A head injury can lead to a brain injury as the brain sloshes inside the skull. The pressure of the fluid inside the skull can cause a concussion. If the brain strikes the inside of the skull, the brain may develop a contusion.
A seat belt might save your life. But a seat belt can also cause bruising or even a broken rib or collarbone as it restrains you.
Your knees could strike the dashboard. This may tear ligaments, tendons, or cartilage inside the knee.
These injuries can range from minor to fatal. After you have been involved in a rear-end collision, you should consider seeking medical help to diagnose and treat any injuries you have suffered.
How Rear-End Collisions Happen
Rear-end collisions often come from some of the most common and dangerous driving habits.
Some of the ways rear-end collisions can occur include:
- Distracted Driving: Driving requires constant attention. A glance at a cell phone can lead to a rear-end collision as your vehicle slams into a vehicle in front of it.
- Speeding: Excessive speed, particularly in poor conditions, can make it impossible to brake in time to avoid a rear-end collision.
- Aggressive Driving: Aggressive driving habits, such as tailgating and cutting off other vehicles, can lead to rear-end collisions.
- Intoxicated Driving: Falling asleep at the wheel and slowed reaction times can result from intoxication. Both can lead to a rear-end collision.
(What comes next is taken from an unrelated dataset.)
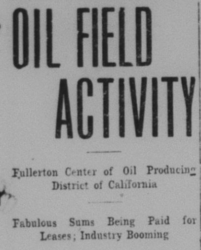 In 1919, Fullerton’s two biggest industries were oranges and oil. Nearly every issue of the Tribune included articles about new wells and big gushers coming in the local fields.

Other factors in rear-end collisions can include poor visibility, slick pavement, and wildlife on roads.
Establishing Liability for a Rear-End Collision
Maryland is an “at-fault” state when it comes to insurance liability. This means that the driver responsible for causing the accident must pay for the damage resulting from the accident. If they have insurance, their provider would be on the hook (up to the at-fault driver’s policy limits, of course). To establish liability, you and your lawyer will need to show that the driver was negligent.
Negligence requires four elements:
- Duty: A driver must act in a reasonably prudent manner, including observing traffic laws.
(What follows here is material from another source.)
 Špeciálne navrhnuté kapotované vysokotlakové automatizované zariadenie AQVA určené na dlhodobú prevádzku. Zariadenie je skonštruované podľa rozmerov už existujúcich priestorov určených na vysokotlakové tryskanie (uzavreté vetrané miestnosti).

- Breach: A driver breaches the duty by driving unreasonably.
- Damage: The person filing the claim must have suffered an injury or other damage.
- Causation: The damage was caused by the driver’s breach.
In a rear-end collision, the driver of the rear vehicle is almost always at fault. The driver of the rear vehicle has a responsibility to leave enough space to stop safely. Whether the cause was speeding, tailgating, or distraction, the driver of the rear vehicle usually did something to cause the accident.
If the driver of the rear vehicle was cited in the accident, the citation is powerful evidence that the driver acted negligently. In Maryland, a citation is evidence — but not conclusive evidence — that can be considered by a jury.